|
Ublas : |
Subject: [ublas] uBlas and OpenMP
From: Nasos Iliopoulos (nasos_i_at_[hidden])
Date: 2011-03-28 14:41:59
Hello all,
As this issue was raised in this list, I run some tests with uBlas and OpenMP. For anyone interested in adding OpenMP functionality to uBlas I think the findings below will be a good starting point.
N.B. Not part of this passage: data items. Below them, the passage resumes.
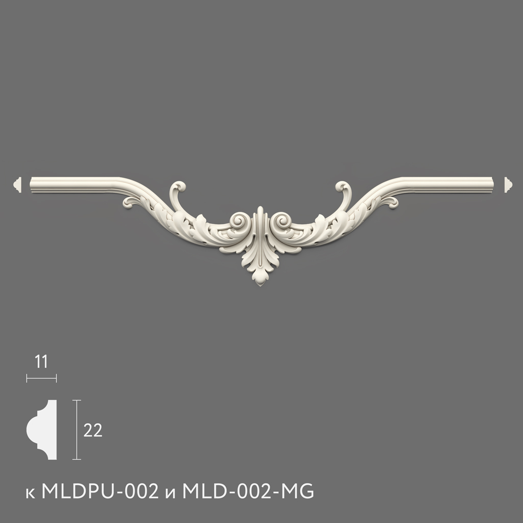 Модель NPU.VRS-002-1 — это декоративная накладка, выполненная в классическом стиле. Она имеет центральную часть с растительным орнаментом и завитками, которые плавно переходят в горизонтальные участки, предназначенные для стыковки с молдингами или другими элементами декора. Основные параметры:
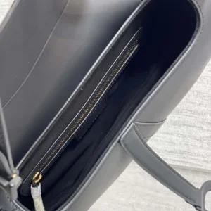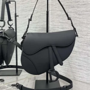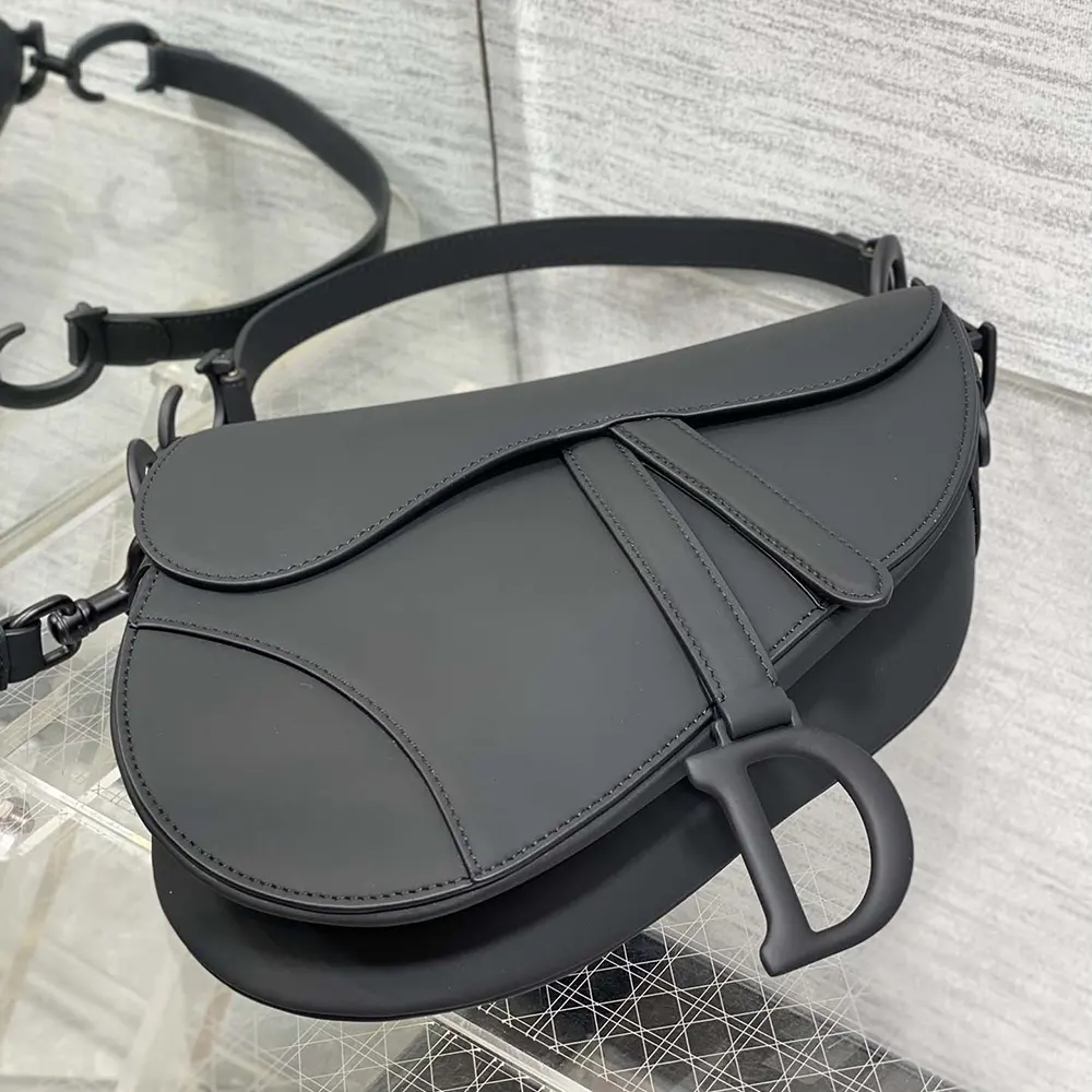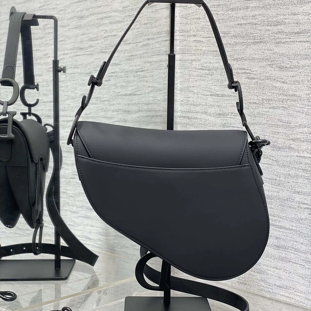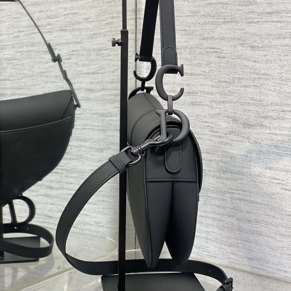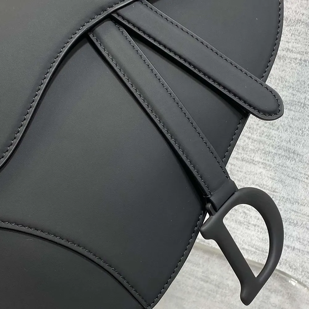 - Crafted in black ultramatte calfskin, the legendary design features a Saddle flap with a D stirrup strap and magnetic pull,
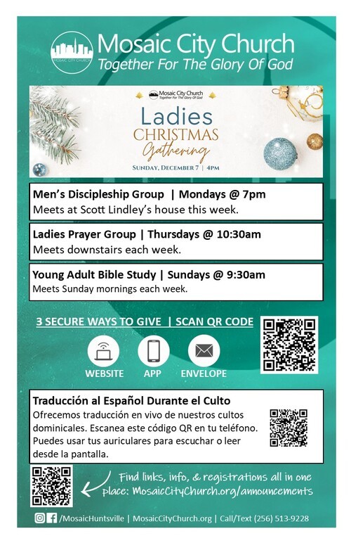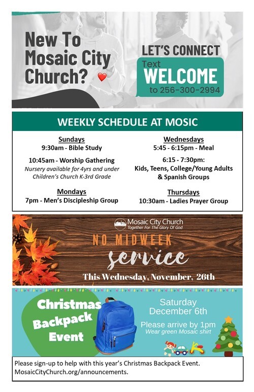 Announcements for the week of November 23, 2025
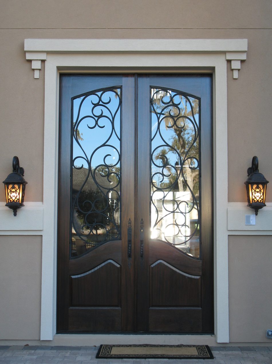 Красивые металлические двери со стеклом устанавливаются в Тарусе на входах в загородные дома, коттеджи, рестораны, магазины. Если на лестничной площадке предусмотрена тамбурная прочная дверь, тол остекленную модель можно купить и для квартиры. Для увеличения уровня противовзломной защиты зона остекления закрывается кованой декоративной решеткой, соединенной с железным листом внутри створок.

As uBlas indirects the calls of assignment operator to certain functions, what needs to be changed are the for loops in those functions. So in this test I added the openMP clause at line 264 in uBlas' vector_assign.hpp (rev. 70666) :
From:
#ifndef BOOST_UBLAS_USE_DUFF_DEVICE
for (size_type i = 0; i < size; ++ i)
functor_type::apply (v (i), e () (i));
#else
To:
#ifndef BOOST_UBLAS_USE_DUFF_DEVICE
#pragma omp parallel for
for (size_type i = 0; i < size; ++ i)
functor_type::apply (v (i), e () (i));
#else
The test program was:
#include <boost/numeric/ublas/vector.hpp>
#include <iostream>
int main() {
const std::size_t N=20000000;
boost::numeric::ublas::vector<double> a(N), b(N), c(N);
for (std::size_t i=0; i!=500; i++)
c=a+b;
std::cout << c(1) << std::endl;
return 0;
}
that was compiled with the following gcc flags (amongst typical flags):
-O2 -DNDEBUG -fopenmp -msse3 -mfpmath=sse -ffast-math -ftree-vectorize -ftree-vectorizer-verbose=1
and linked with (amongst typical flags):
-fopenmp
Before executing the test, one has to set the OMP_NUM_THREADS environment variable. i.e. for 4 cores on an ubuntu machine (bash):
export OMP_NUM_THREADS=4
I didn't run any benchmarks, but top shows 400% utilization on a 4-core i7 (hence all 4 cores working).
Furthermore inspecting the assembly code reveals that the above compilation results into SSE instructions for the addition. (GCC 4.4.3):
movsd (%rbp,%rax), %xmm1
movsd (%rbx,%rax), %xmm2
movhpd 8(%rbp,%rax), %xmm1
movhpd 8(%rbx,%rax), %xmm2
movapd %xmm1, %xmm0
addpd %xmm2, %xmm0
movapd %xmm0, (%r12,%rax)
I hope that gives a clue to someone with some free time to make some uBlas patches. Please let me know if those instructions are enough to get a basic parallel example running in uBlas.
Best,
Nasos